一、WindowFunction
Flink提供了四种类型Window Function,其中有ReduceFunction、AggregateFunction、FlodFunction和ProcessWindowFunction。其中ReduceFunction、AggregateFunction、FlodFunction根据计算原理,属于增量聚合函数,而ProcessWindowFunction属于全量聚合函数。增量聚合函数是基于中间状态计算结果的,窗口中只维护中间状态结果值,不需要缓存原始的数据,而全量窗口函数在窗口触发时对所有的原始数据进行汇总计算,因此相对性能会较差。
- ReduceFunction 增量聚合
- AggregateFunction 增量聚合
- FlodFunction 已废弃,推荐使用AggregateFunction
- ProcessWindowFunction 全量聚合
二、ReduceFunction
x以前的聚合结果,y下一个数据,输入输出都为同类型数据
.reduce(new ReduceFunction[Sensor] {
override def reduce(x: Sensor, y: Sensor): Sensor = {
Sensor(x.id, x.timestamp + 1, y.temperature + 1)
}
三、AggregateFunction
聚合函数只传AggregateFunction参数,如果局和后海域需要的操作可以使用AggregateFunction,WindowFunction(如果需要获取上下文或操作State等可以使用RichWindowFuncton)
val pvStream = dataStream.filter(_.behavior == "pv")
.keyBy(_.itemId)
.timeWindow(Time.hours(1), Time.minutes(5))
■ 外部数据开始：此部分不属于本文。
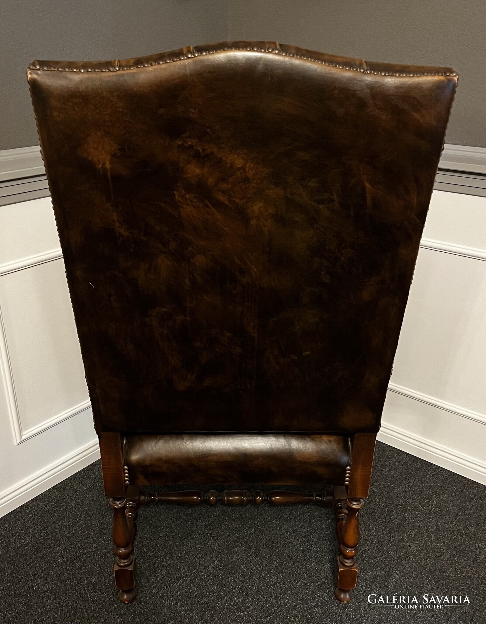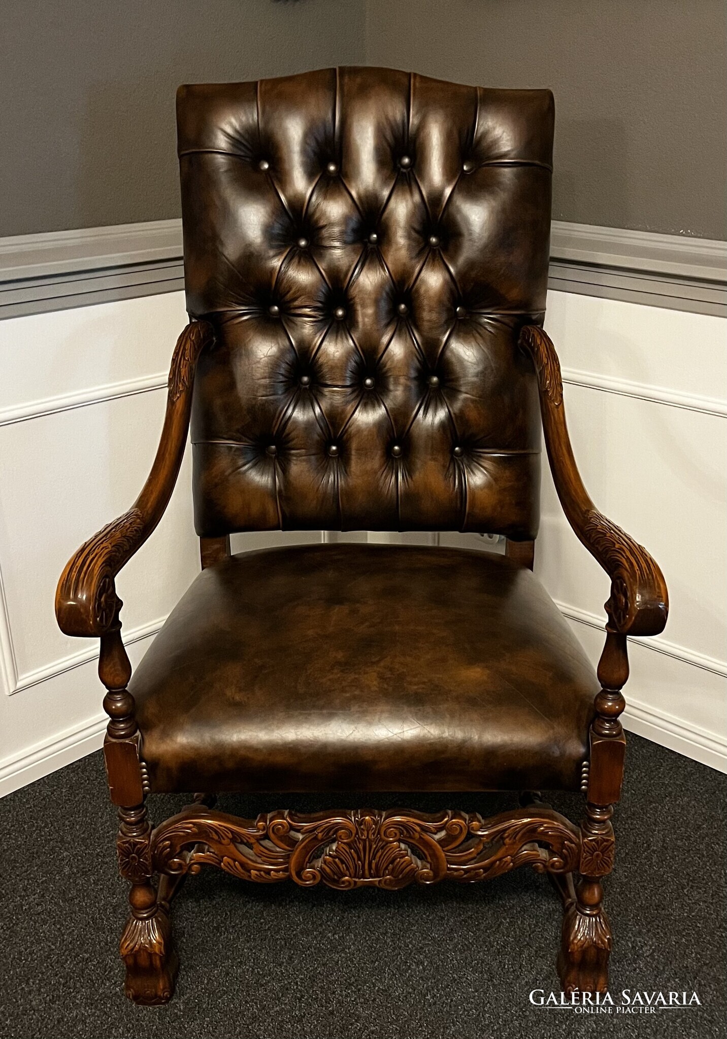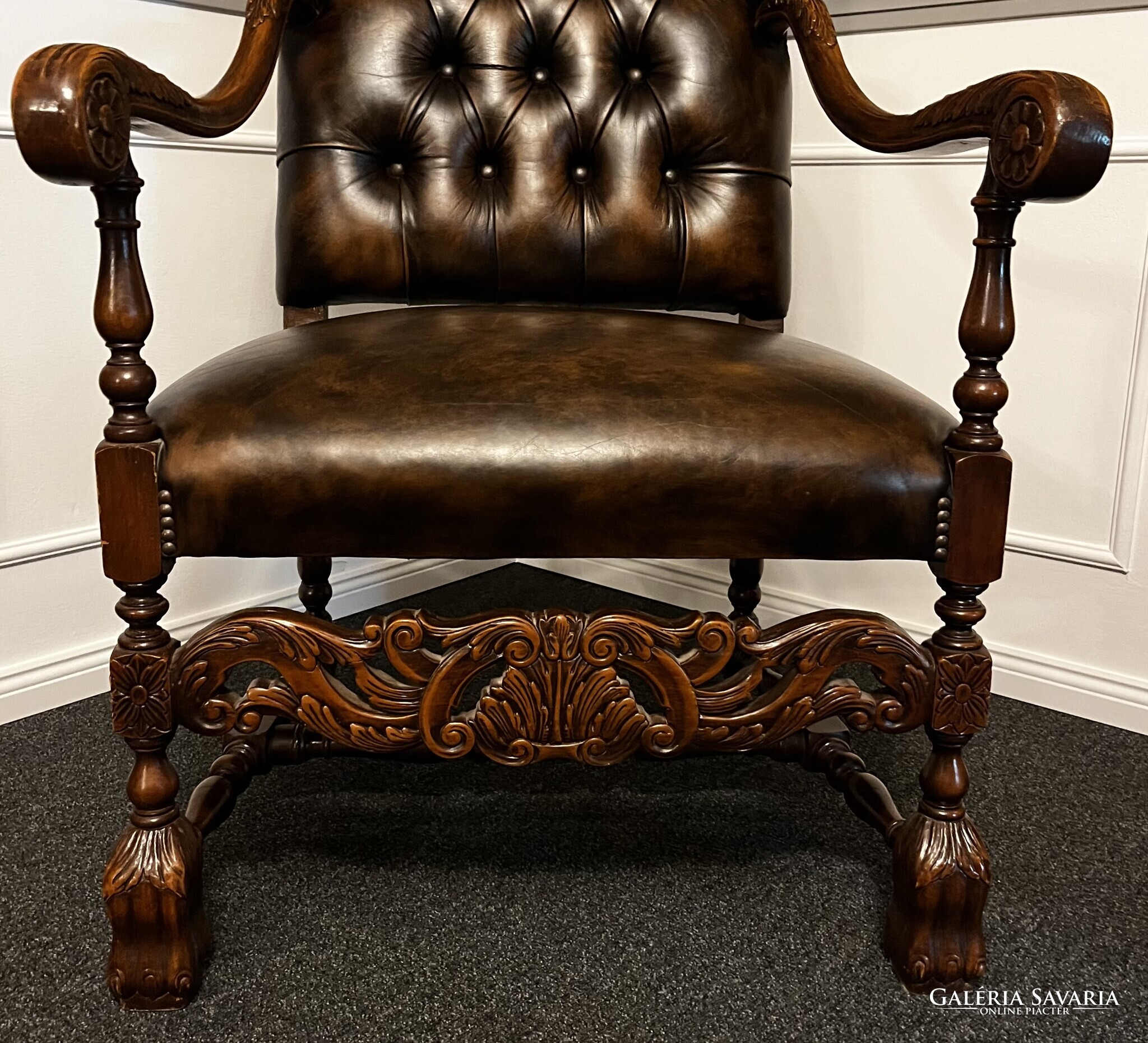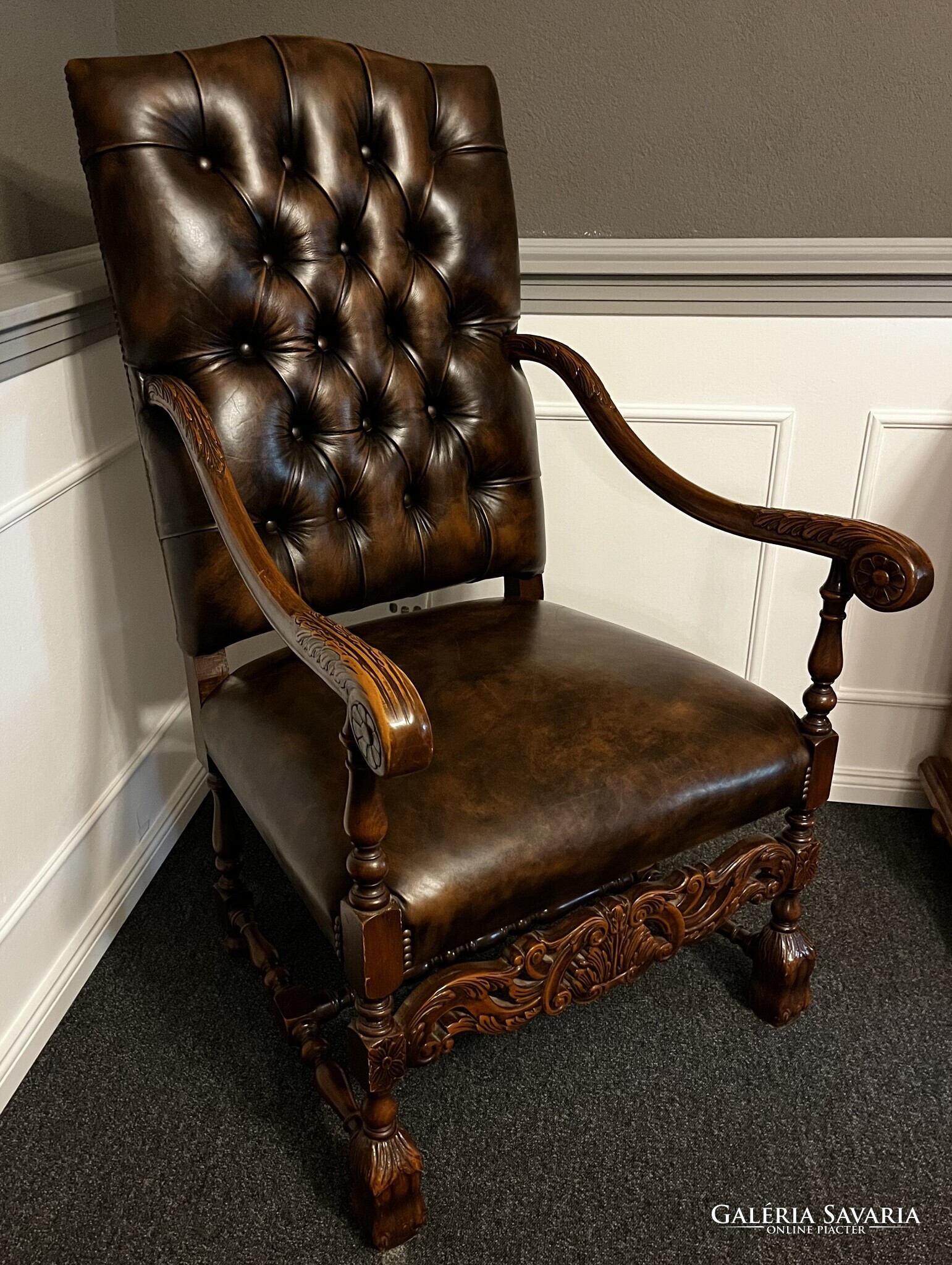 Gyönyörű , antik, neoreneszánsz, bőr fotel -karosszék- trónszèk !

//.aggregate(new CountAgg())
.aggregate(new CountAgg(), new WindowResult())
.keyBy(_.windowEnd)
.process(new TopHotItems(3))
// IN输入, ACC中间累加值(可以定义为任意类型), OUT输出给window函数的
class CountAgg extends AggregateFunction[UserBehavior, Long, Long] {
//初始值
override def createAccumulator(): Long = 0L
//对重分区数据merge处理
override def merge(acc: Long, acc1: Long): Long = acc + acc1
//返回值
override def getResult(acc: Long): Long = acc
//新来的一条数据如何处理
override def add(in: UserBehavior, acc: Long): Long = acc + 1
}
class WindowResult extends WindowFunction[Long, ItemViewCount, Long, TimeWindow] {
override def apply(key: Long, window: TimeWindow, input: Iterable[Long], out: Collector[ItemViewCount]): Unit = {
out.collect(ItemViewCount(key, window.getEnd, input.iterator.next()))
}
}
四、ProcessWindowFunction
示例代码,仅供参考
val pvStream = dataStream.filter(_.behavior == "pv")
.keyBy(_.itemId)
.timeWindow(Time.hours(1), Time.minutes(5))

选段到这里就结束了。